# Three Rivers, Ca



## MGWorley (May 29, 2005)

Just got back from four a day stay at Kaweah Park Resort. First time. Located seven miles from entrance to Sequoia National Park.

http://www.kaweahparkresort.com/index.htm

Very clean ... full hookups ... cable, swimming pool, etc..

BUT, won't be going back, most sites are to close together. Was not able to put chairs and awning out.

Did meet my first fellow OBer though who was also a first timer at Kaweah.

Mike


----------



## mswalt (Sep 14, 2004)

> most sites are to close together. Was not able to put chairs and awning out.

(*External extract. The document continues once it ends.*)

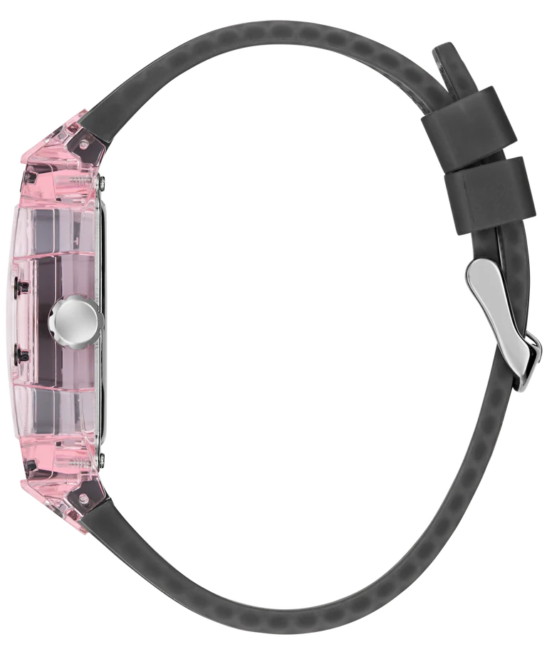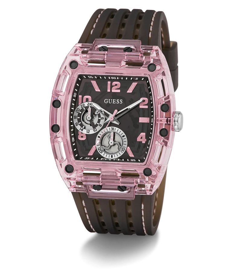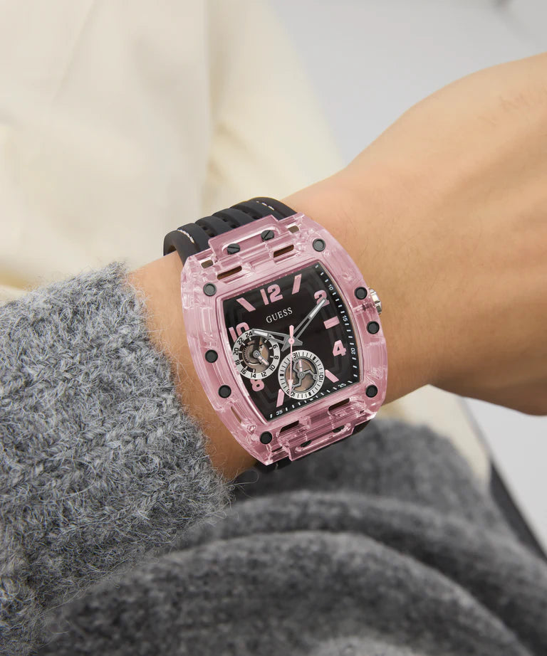This 43 mm x 42 mm watch makes a powerful statement with its transparent black multi-function dial housed in a cutting-edge cut-thru transparent light pink polycarbonate case - a signature icon for GUESS Watches. The milky black transparent silicone strap with perforation and pop pink stitching delivers athletic style with purpose, featuring 50 meters water resistance. Bold, athletic, and driven by purpose.

That IS close together. Sorry you couldn't enjoy all the perks of camping in your Outback.

Mark


----------



## Beerman (Nov 14, 2005)

Thanks for the report on that CG. I have looked at that site online. I am heading to California Hot Springs this Friday. The CG is called Quail Valley RV Park. I will let you know how it is considering you are just down the street in So. Cal.

Beerman


----------



## HootBob (Apr 26, 2004)

I hate when you get a site and you can't put your awning out

Don


----------



## jlstew (May 29, 2004)

Beerman you will love the Quail Valley park. It is very nice and a lot of fun. That is where I go for my quick weekend getaways, only 45 minutes for me to get there. Take your fishing rod if you like to fish they have ponds there. Keep an eye out about dusk on the south side of the park for the big buck and his girlfriends that sometime wonder through the campground.


----------



## California Jim (Dec 11, 2003)

Bummer Mike. We stopped going to Bolsa Chica for the same reason.


----------



## Oregon_Camper (Sep 13, 2004)

Are you saying there isn't enough space between trailers to put up the awning? Yikes!!


----------



## MGWorley (May 29, 2005)

Oregon_Camper said:


> Are you saying there isn't enough space between trailers to put up the awning? Yikes!!
> [snapback]116541[/snapback]​


The "site" we had was not wide enough to put out the awning due to trees.

Mike


----------